— Data shown —
■ ■ ■ ■

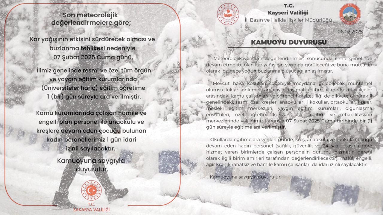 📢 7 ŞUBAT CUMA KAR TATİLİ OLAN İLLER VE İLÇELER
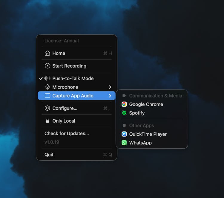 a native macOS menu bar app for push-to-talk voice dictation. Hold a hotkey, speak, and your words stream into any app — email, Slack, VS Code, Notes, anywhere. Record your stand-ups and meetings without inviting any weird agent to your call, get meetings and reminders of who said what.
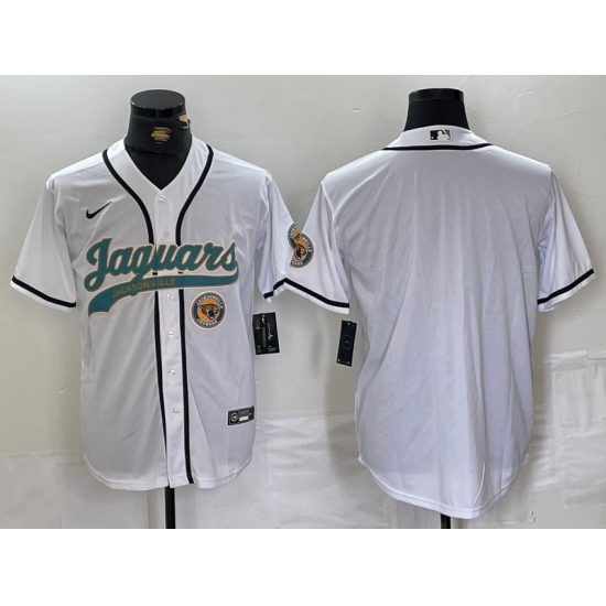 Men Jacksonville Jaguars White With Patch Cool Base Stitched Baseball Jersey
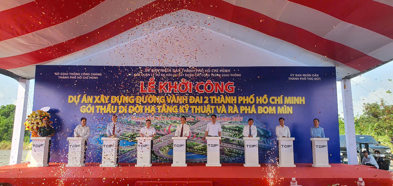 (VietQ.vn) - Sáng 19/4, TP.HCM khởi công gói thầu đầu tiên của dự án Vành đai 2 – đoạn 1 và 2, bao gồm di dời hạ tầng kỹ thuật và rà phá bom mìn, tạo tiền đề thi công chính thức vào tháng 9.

■ ■ ■ ■

— Activity —
Take the material above from the line containing "a native macOS" up to and including the line containing "Men Jacksonville Jaguars" and retype it exactly, without any pictures.

— Solution for this problem —
 a native macOS menu bar app for push-to-talk voice dictation. Hold a hotkey, speak, and your words stream into any app — email, Slack, VS Code, Notes, anywhere. Record your stand-ups and meetings without inviting any weird agent to your call, get meetings and reminders of who said what.
 Men Jacksonville Jaguars White With Patch Cool Base Stitched Baseball Jersey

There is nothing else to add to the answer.